Wednesday, October 24, 2012

2 Kings 1: Ahaziah Dies from HIs Injury

1 Kings 22:51 - 2 Kings 1:4 Ahaziah son of Ahab became king of Israel in Samaria in the seventeenth year of Jehoshaphat king of Judah, and he reigned over Israel two years. He did evil in the eyes of the Lord, because he walked in the ways of his father and mother and in the ways of Jeroboam son of Nebat, who caused Israel to sin. He served and worshiped Baal and provoked the Lord, the God of Israel, to anger, just as his father had done. After Ahab's death, Moab rebelled against Israel. Now Ahaziah had fallen through the lattice of his upper room in Samaria and injured himself. So he sent messengers, saying to them, "Go and consult Baal-Zebub, the god of Ekron, to see if I will recover from this injury." But the angel of the Lord said to Elijah the Tishbite, "Go up and meet the messengers of the king of Samaria and ask them, 'Is it because there is no God in Israel that you are going off to consult Baal-Zebub, the god of Ekron?' Therefore this is what the Lord says: 'You will not leave the bed you are lying on. You will certainly die!'" So Elijah went.

Like father like son: Ahaziah followed his father Ahab's footstep. And like his father Ahab, he came under divine judgement and died of his injury sustained from a fall. 

But Ahaziah was given two opportunities to repent, but he didn't. Firstly, Elijah intercepted his messengers who were on the way to consult Baalzebub, the god of the Ekron.
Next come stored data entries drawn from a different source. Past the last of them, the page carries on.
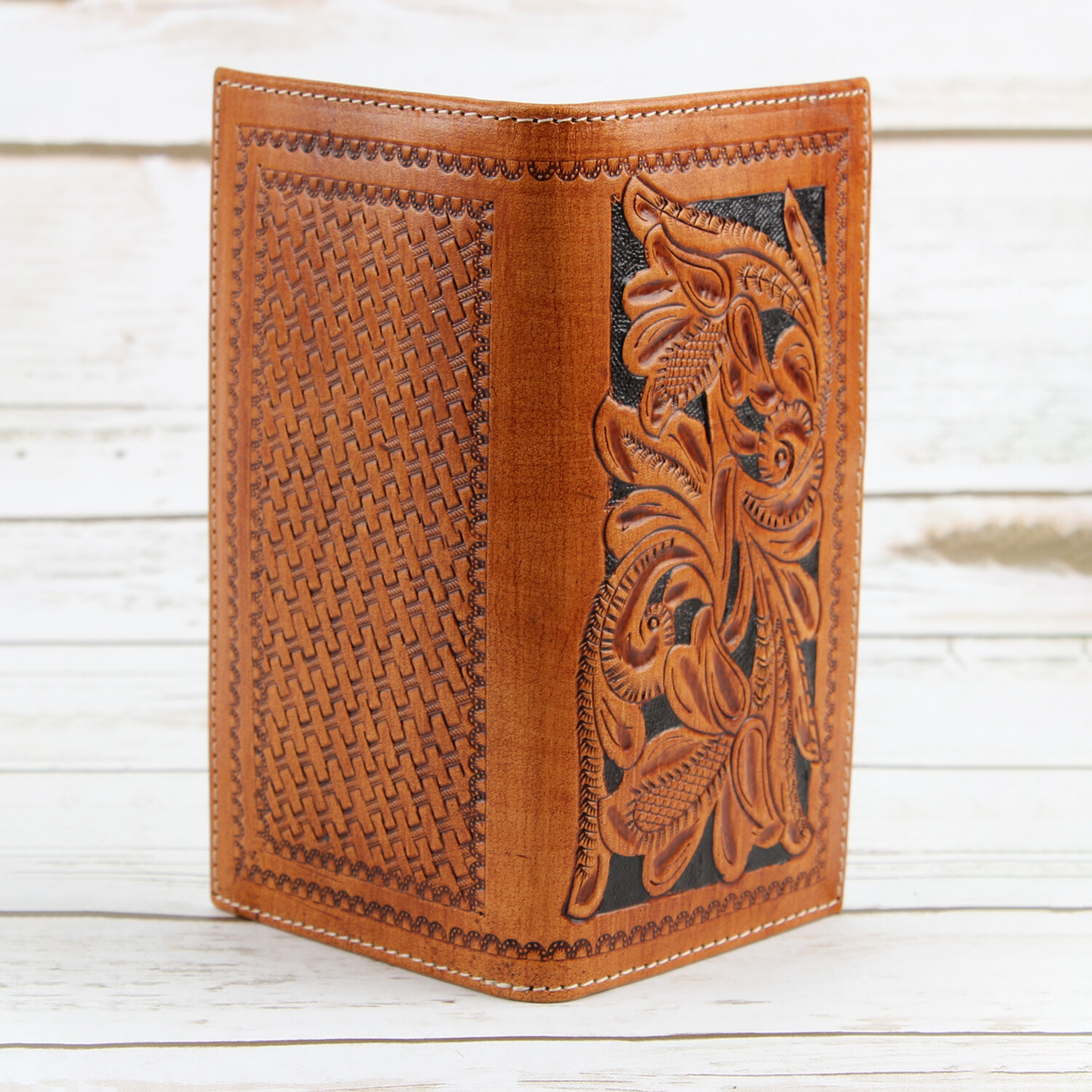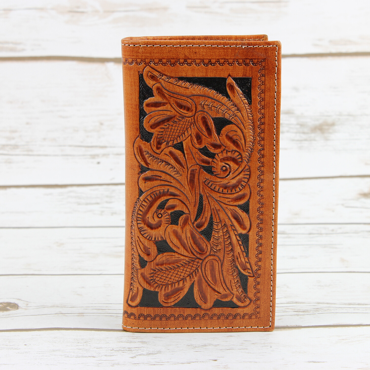 Tooled Leather Men's Long Wallet // Tan
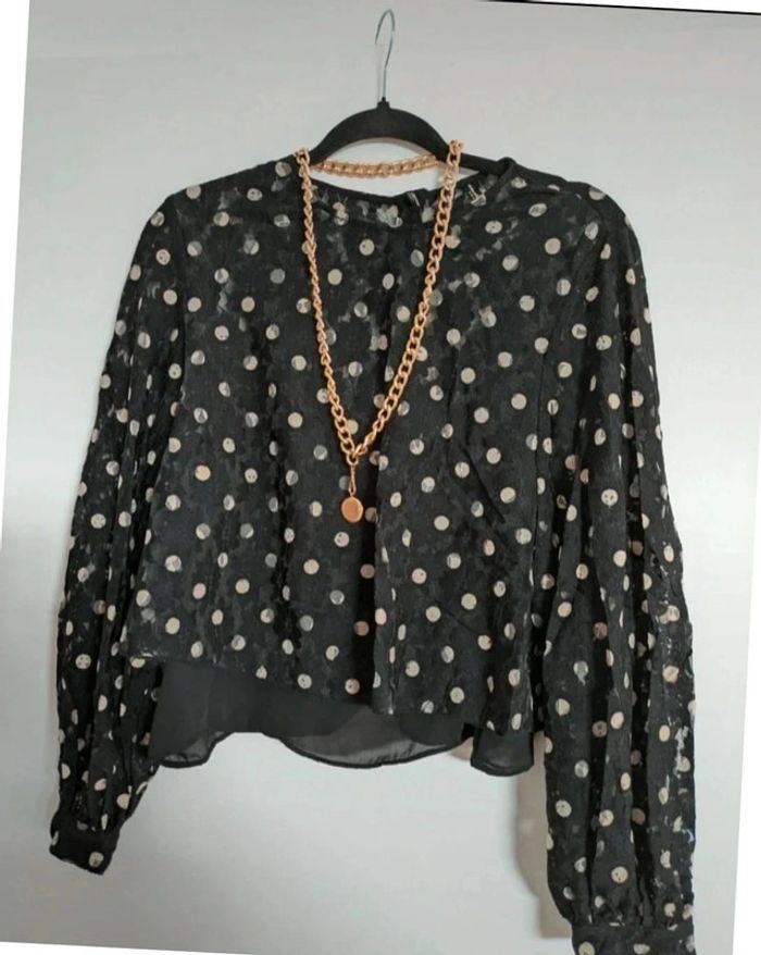 Blouse imprimé pois et dentelles en transparence - photo numéro 1
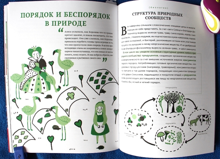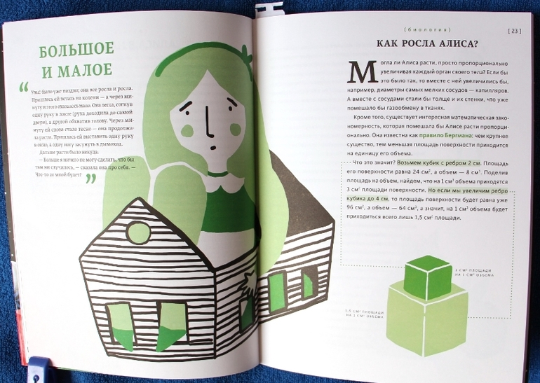 Книга не про Алису все же, а про науку и знания. Алиса, на мой взгляд, позволяет приблизить эту информацию к детям, добавить ей «интересности» и жизненности. Все знания даются с примерами и одним из примеров и являются приключения Алисы. А еще она логически объединяет приведенную информацию из разных областей.

Elijah delivered God's judgment that Ahaziah would not leave his bed and would die on his bed. Secondly, Elijah met him face to face and declare the same message. But there was no indication that Ahaziah humbled himself like his father Ahab did. So, he died according to the prophecy given to him.

Prophetic declaration of God's intention is not irreversible. God is known to relent from what He has planned to do when confronted with genuine repentance and humility. He relented when Ahab humbled himself. He relented too when the king of Nineveh humbled himself at Jonah's preaching: "When God saw what they did and how they turned from their evil ways, he had compassion and did not bring upon them the destruction he had threatened" (Jonah 3:10).

If we repent, God will relent. That is grace. Law punishes, but grace forgives. But it is conditional on our act of confession of our sins (admitting we are wrong and turning away from our sins): "If we confess our sins, God is faithful and just and will forgive us and purify us from all unrighteousness" (1 John 1:9). The God of the NT is also the God of the OT -- He has not changed.

Father, thank You that You are always faithful to forgive whenever we confess and acknowledge we have sinned against You. You did it for Christ's sake for Christ's death has paved the way for Your grace to be made effective in everyone who repents. Amen.